Field | Type | Description |
---|---|---|
sender_id | String | Unique sender identifier linking each message to a specific entity. |
sender_type | String | Message origin: "user" , "bot" , "system" , or "human" . |
id | String | Unique key of each message, ensuring duplicate detection. |
created_at | DateTime | Timestamp in UTC for when the message was generated. |
channel | String | Channel through which the message was sent: "whatsapp" or "web" (widget). |
session | String | Conversation identifier grouping multiple messages. |
direction | String | Message direction: "inbound" or "outbound" . |
type | String | Communicative type: "inbound" (received) or "outbound" (sent). |
text | String | Full free-text content of the message. May include text, emojis, emails, IDs, etc. Note: May be null for images or documents. |
language | String | Language code (e.g., "es" , "en" ). Note: May be null if undetected. |
agent_activity
(Table: chat_agent_log_<company>
)
Records events occurring during agents’ interaction with chats.
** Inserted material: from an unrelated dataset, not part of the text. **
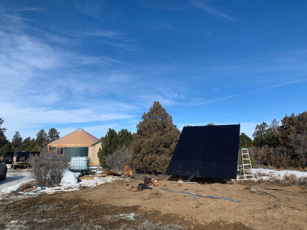 Electricity update: Our solar panels are up! We installed them right before Christmas. We also have the electric wiring pulled through to the shed where our batteries and panel are. The only thing left to do is pull the wire from the shed to the yurt now. Pulling the wires from the panels to the shed was a mission. Our neighbor accidentally cut the electric pipe awhile back, which cut the string that ran through the whole pipe. So we did this vacuum trick where you put the vacuum hose on the end of the pipe in the shed, and it pulled a plastic bag tied to the string so we could get the wire through.

Field | Type | Description |
---|---|---|
id | String | Unique event identifier. |
chat_id | String | Associated chat identifier. |
agent_id | String | Unique agent identifier involved in the event. |
joined_at | DateTime | UTC timestamp when the agent joined the chat. |
left_at | Nullable(DateTime) | UTC timestamp when the agent left the chat, or null if still active. |
event | String | Type of event. Possible values: bot_assigned , agent_timeout , user_timeout , agent_joined , chat_escalated , manual_close , resolved , assigned_to_human , transferred . |
response_rating | Nullable(Int16) | Rating given for the interaction, if any. |
created_at | DateTime | Record creation timestamp. |
updated_at | DateTime | Record last update timestamp. |
deleted_at | Nullable(DateTime) | Logical deletion timestamp, if applicable. |
agent_status_logs
(Table: agent_status_logs_<company>
)
Tracks the history of agent status changes over time, such as transitioning from “online” to “break”.
Field | Type | Description |
---|---|---|
id | String | Unique status change identifier. |
agent_id | String | Unique agent identifier. |
old_status | String | Previous agent status: training , offline , break , ending_shift , inactive , online . |
new_status | String | New agent status: training , offline , break , ending_shift , inactive , online . |
status_changed_at | DateTime | UTC timestamp when the status changed. |
duration_seconds | Nullable(Int64) | Duration in seconds of the previous status, or null if not applicable. |
created_at | DateTime | Record creation timestamp. |
Handling of Personal Data
The messages_
table, especially the text
column, retains the full content of customer interactions, potentially containing personal data such as names, email addresses, ID numbers, or other details about the products or services offered by your company.
These records have not been anonymized or pseudonymized to preserve the full context of each conversation and ensure analysis accuracy.
It is essential to process this data according to applicable regulations, always maintaining confidentiality, security, and the rights of data subjects.